An image-free, exact copy of the records below is required.

— Records to process —
____________________
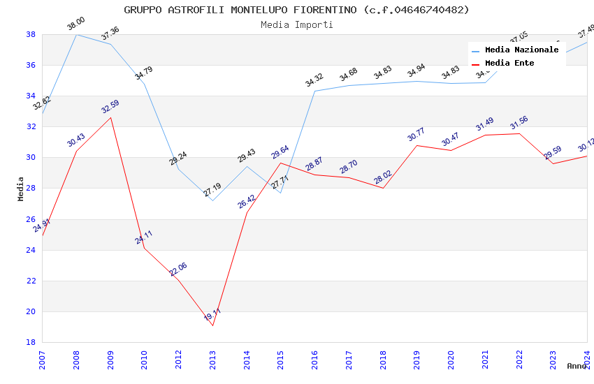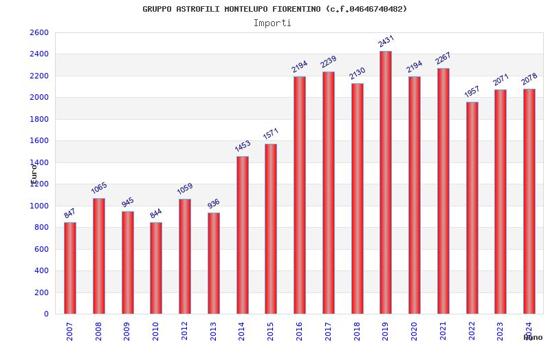 | Anno | Firme | Importi | Media | Naz. | Reg. | Prov. | Comu. |
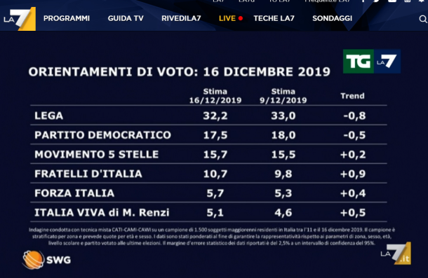 Ultimo sondaggio 2019: Lega al 32%, M5S al 17,7%. Pd al 18%
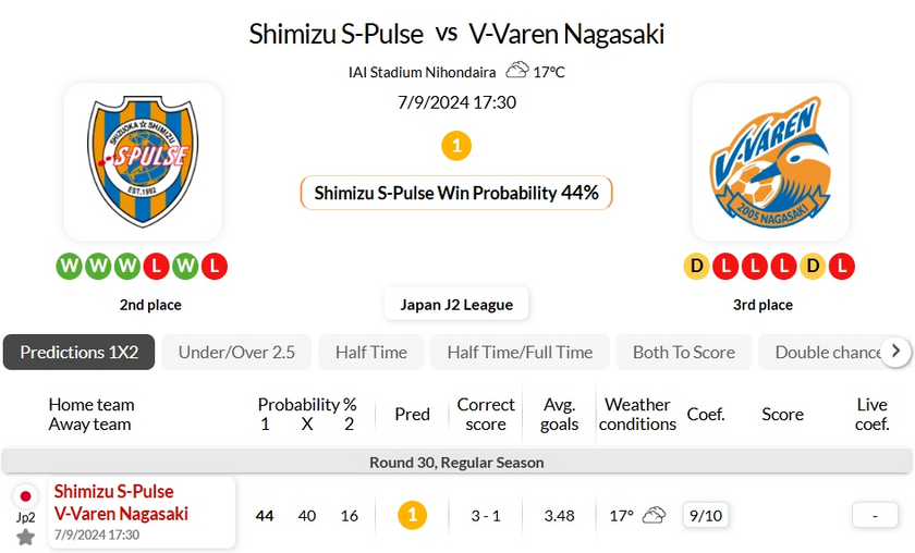 Shimizu S-Pulse are on a run of 20 consecutive home undefeated at half time matches in their domestic league
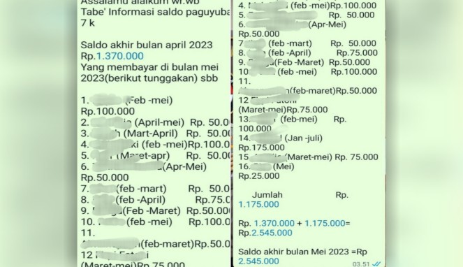 Sumbangan tersebut bertarif. Berdasarkan data yang diperoleh, saldo akhir bulan April 2023 tercatat sebesar Rp 1 juta lebih.
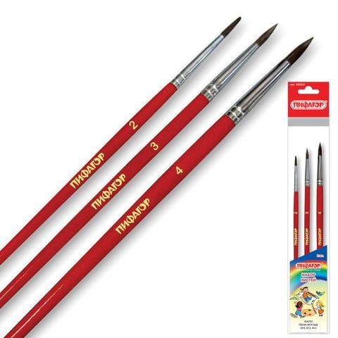 Кисти 3шт пони круглая № 2,3,4 Школьник ПИФАГОР 1/12/288
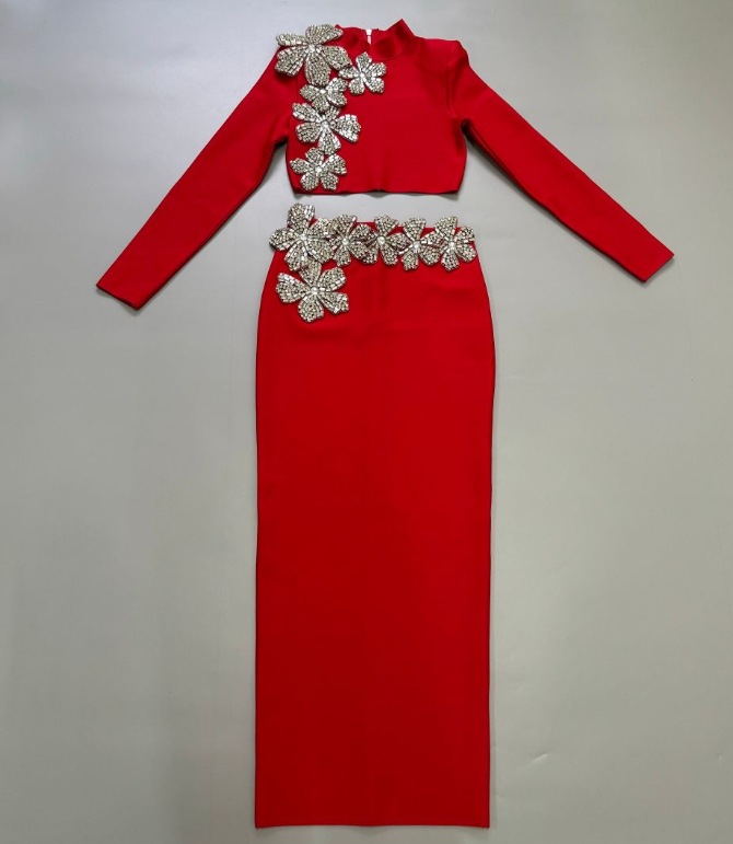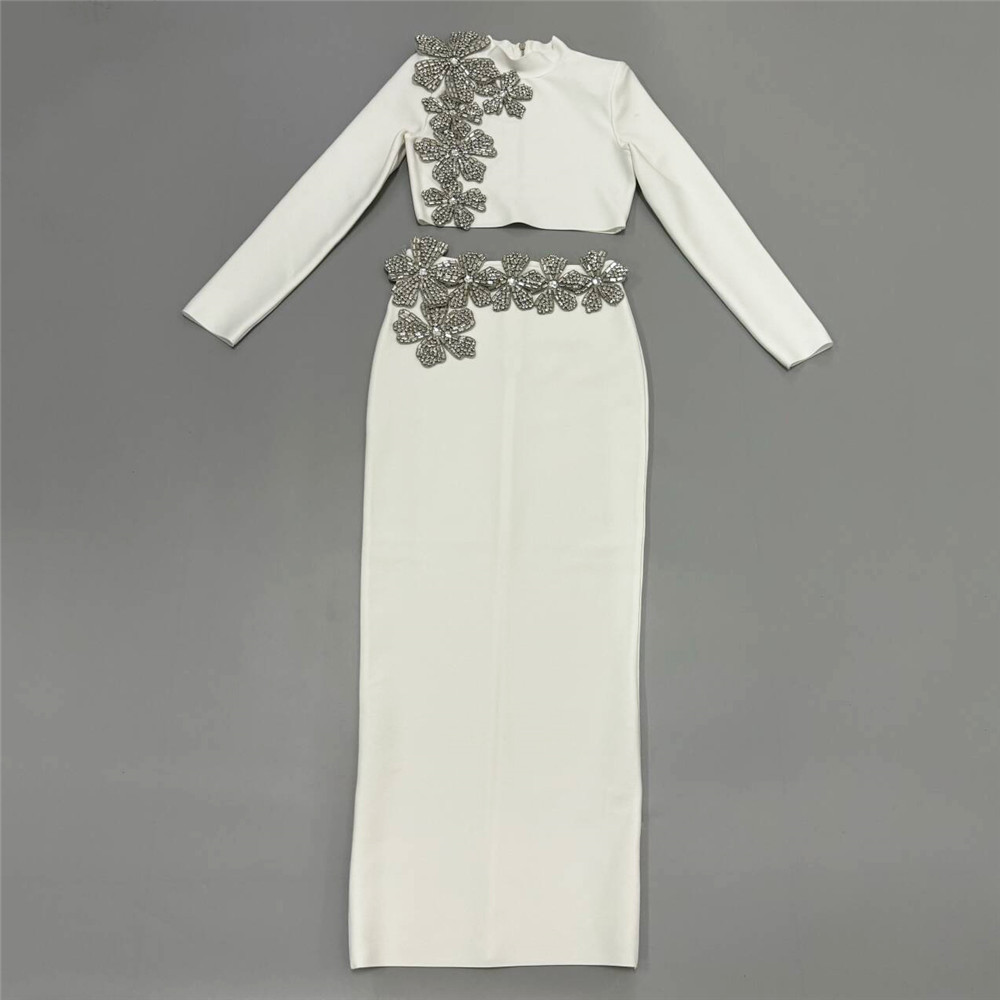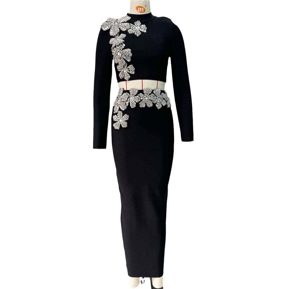 2024 New Bandage Skirt Set Long Skirt Two Piece Set Party Dress Autumn/Winter High Waist Heavy Industry Women's Fashion European and American
____________________
— Result for this task —
 | Anno | Firme | Importi | Media | Naz. | Reg. | Prov. | Comu. |
 Ultimo sondaggio 2019: Lega al 32%, M5S al 17,7%. Pd al 18%
 Shimizu S-Pulse are on a run of 20 consecutive home undefeated at half time matches in their domestic league
 Sumbangan tersebut bertarif. Berdasarkan data yang diperoleh, saldo akhir bulan April 2023 tercatat sebesar Rp 1 juta lebih.
 Кисти 3шт пони круглая № 2,3,4 Школьник ПИФАГОР 1/12/288
 2024 New Bandage Skirt Set Long Skirt Two Piece Set Party Dress Autumn/Winter High Waist Heavy Industry Women's Fashion European and American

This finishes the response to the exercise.